-- DATA SEGMENT --
+ + + +

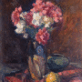 « Nature morte à la nappe rouge », huile sur toile, 55 x 46 cm, vendue 12 800 €
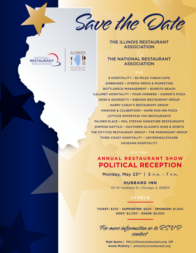 To bolster our efforts to support candidates and issues that are favorable to the hospitality industry, the IRA and National Restaurant Association are hosting our Annual Restaurant Show Political Reception on Monday, May 23 from 5:00 to 7:00 p.m. at
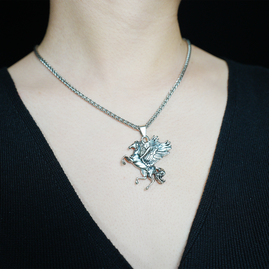 Vintage Pegasus Halskette, Mythischer Pferdeanhänger aus Messinglegierung, Gothic Fantasy Schmuck
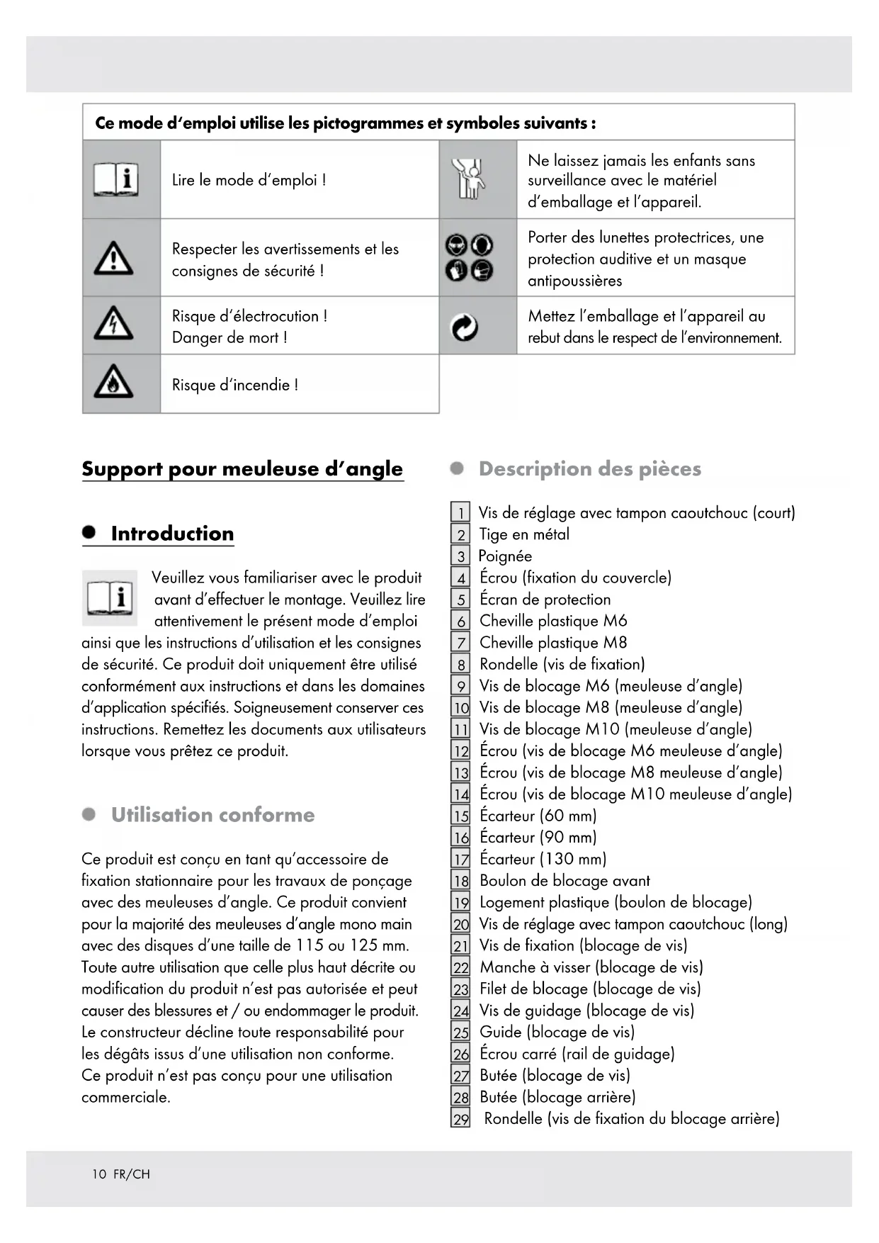 so ein, dass sich das Werkstück in der Mitte der Trennscheibe befindet. Schalten Sie nun den Winkelschleifer ein und drücken Sie ihn auf das Werkstück. Vermeiden Sie ruckartige Bewegungen und üben Sie gleichmäßigen Druck auf das Werkstück aus. Reinigung und Pflege Verwenden Sie zur Reinigung und Pflege nur ein leicht angefeuchtetes fusselfreies Tuch. Entsorgung Die Verpackung besteht aus umweltfreundlichen Materialien, die Sie über die örtlichen Recyclingstellen entsorgen können. Möglichkeiten zur Entsorgung des ausgedienten Produktes erfahren Sie bei Ihrer Gemeinde- oder Stadtverwaltung.9 FR/CH Introduction Utilisation conforme ............................................................................................................................. Page 10 Description des pièces ........................................................................................................................ Page 10 Fourniture .............................................................................................................................................. Pag e 11 Caractéristiques ................................................................................................................................... Pag e 11 Consignes de sécurité Consignes de sécurité générales ....................................................................................................... Pa g e 11 Montage ........................................................................................................................................... Page 13 Utilisation ........................................................................................................................................ Page 14 Nettoyage et entretien ........................................................................................................ Page 14 Mise au rebut ............................................................................................................................... Page 1410 FR/CH Support pour meuleuse d’angle Introduction Veuillez vous familiariser avec le produit avant d’effectuer le montage. Veuillez lire attentivement le présent mode d’emploi ainsi que les instructions d’utilisation et les consignes de sécurité. Ce produit doit uniquement être utilisé conformément aux instructions et dans les domaines d’application spécifiés. Soigneusement conserver ces instructions. Remettez les documents aux utilisateurs lorsque vous prêtez ce produit. Utilisation conforme Ce produit est conçu en tant qu’accessoire de fixation stationnaire pour les travaux de ponçage avec des meuleuses d’angle. Ce produit convient pour la majorité des meuleuses d’angle mono main avec des disques d’une taille de 115 ou 125 mm. Toute autre utilisation que celle plus haut décrite ou modification du produit n’est pas autorisée et peut causer des blessures et / ou endommager le produit. Le constructeur décline toute responsabilité pour les dégâts issus d’une utilisation non conforme. Ce produit n’est pas conçu pour une utilisation commerciale. Description des pièces

+ + + +

-- ASSIGNMENT --
Quote everything in the listing above exactly; pictures are the only thing to omit.

-- RESULT OF THE EXERCISE --
 « Nature morte à la nappe rouge », huile sur toile, 55 x 46 cm, vendue 12 800 €
 To bolster our efforts to support candidates and issues that are favorable to the hospitality industry, the IRA and National Restaurant Association are hosting our Annual Restaurant Show Political Reception on Monday, May 23 from 5:00 to 7:00 p.m. at
 Vintage Pegasus Halskette, Mythischer Pferdeanhänger aus Messinglegierung, Gothic Fantasy Schmuck
 so ein, dass sich das Werkstück in der Mitte der Trennscheibe befindet. Schalten Sie nun den Winkelschleifer ein und drücken Sie ihn auf das Werkstück. Vermeiden Sie ruckartige Bewegungen und üben Sie gleichmäßigen Druck auf das Werkstück aus. Reinigung und Pflege Verwenden Sie zur Reinigung und Pflege nur ein leicht angefeuchtetes fusselfreies Tuch. Entsorgung Die Verpackung besteht aus umweltfreundlichen Materialien, die Sie über die örtlichen Recyclingstellen entsorgen können. Möglichkeiten zur Entsorgung des ausgedienten Produktes erfahren Sie bei Ihrer Gemeinde- oder Stadtverwaltung.9 FR/CH Introduction Utilisation conforme ............................................................................................................................. Page 10 Description des pièces ........................................................................................................................ Page 10 Fourniture .............................................................................................................................................. Pag e 11 Caractéristiques ................................................................................................................................... Pag e 11 Consignes de sécurité Consignes de sécurité générales ....................................................................................................... Pa g e 11 Montage ........................................................................................................................................... Page 13 Utilisation ........................................................................................................................................ Page 14 Nettoyage et entretien ........................................................................................................ Page 14 Mise au rebut ............................................................................................................................... Page 1410 FR/CH Support pour meuleuse d’angle Introduction Veuillez vous familiariser avec le produit avant d’effectuer le montage. Veuillez lire attentivement le présent mode d’emploi ainsi que les instructions d’utilisation et les consignes de sécurité. Ce produit doit uniquement être utilisé conformément aux instructions et dans les domaines d’application spécifiés. Soigneusement conserver ces instructions. Remettez les documents aux utilisateurs lorsque vous prêtez ce produit. Utilisation conforme Ce produit est conçu en tant qu’accessoire de fixation stationnaire pour les travaux de ponçage avec des meuleuses d’angle. Ce produit convient pour la majorité des meuleuses d’angle mono main avec des disques d’une taille de 115 ou 125 mm. Toute autre utilisation que celle plus haut décrite ou modification du produit n’est pas autorisée et peut causer des blessures et / ou endommager le produit. Le constructeur décline toute responsabilité pour les dégâts issus d’une utilisation non conforme. Ce produit n’est pas conçu pour une utilisation commerciale. Description des pièces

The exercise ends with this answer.